Provided material:
* * * * *

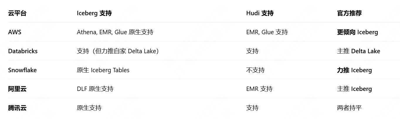 这里少了华为云,华为云支持 Hudi和 Iceberg,但华为云的湖仓一体架构是以 Hudi 为基础,应该是主推 Hudi。
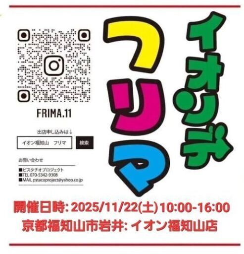 イオンでフリーマーケットin福知山♪募集開始2025年11月22日(土) 10:00〜16:00イオン福知山店!駐車場京都府福知山市字岩井79-8(来場無料)(雨天中止)出店お申し込みは↓ https://form1ssl.fc2.com/form/?id=d9b3b069ba5d2b8a事務局ピスタチオプロジェクトTEL 070-5342-9308mail pstacoproject@yahoo.co.jp#出店募集#飲食募集#イベント出店募集中#イオンでフリマ#フリーマーケット#フリマ#イオン福知山
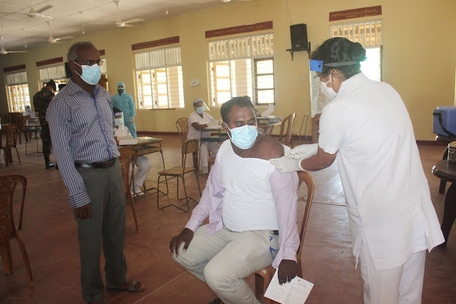 இன்று(09) பிரதேச சபை உத்தியோகத்தர்கள், பிரதேச செயலக உத்தியோகத்தர்கள் என 220 பேருக்கு தடுப்பூ ஏற்றப்பட்டன. நேற்று(08) பாதுகாப்பு படையினர், பொலிஸார் என 154 பேருக்கு தடுப்பூ வழங்கப்பட்டிருந்தன.

* * * * *

Exactly as they appear above, print all the lines, but not the pictures.

Exercise solution:
 这里少了华为云,华为云支持 Hudi和 Iceberg,但华为云的湖仓一体架构是以 Hudi 为基础,应该是主推 Hudi。
 イオンでフリーマーケットin福知山♪募集開始2025年11月22日(土) 10:00〜16:00イオン福知山店!駐車場京都府福知山市字岩井79-8(来場無料)(雨天中止)出店お申し込みは↓ https://form1ssl.fc2.com/form/?id=d9b3b069ba5d2b8a事務局ピスタチオプロジェクトTEL 070-5342-9308mail pstacoproject@yahoo.co.jp#出店募集#飲食募集#イベント出店募集中#イオンでフリマ#フリーマーケット#フリマ#イオン福知山
 இன்று(09) பிரதேச சபை உத்தியோகத்தர்கள், பிரதேச செயலக உத்தியோகத்தர்கள் என 220 பேருக்கு தடுப்பூ ஏற்றப்பட்டன. நேற்று(08) பாதுகாப்பு படையினர், பொலிஸார் என 154 பேருக்கு தடுப்பூ வழங்கப்பட்டிருந்தன.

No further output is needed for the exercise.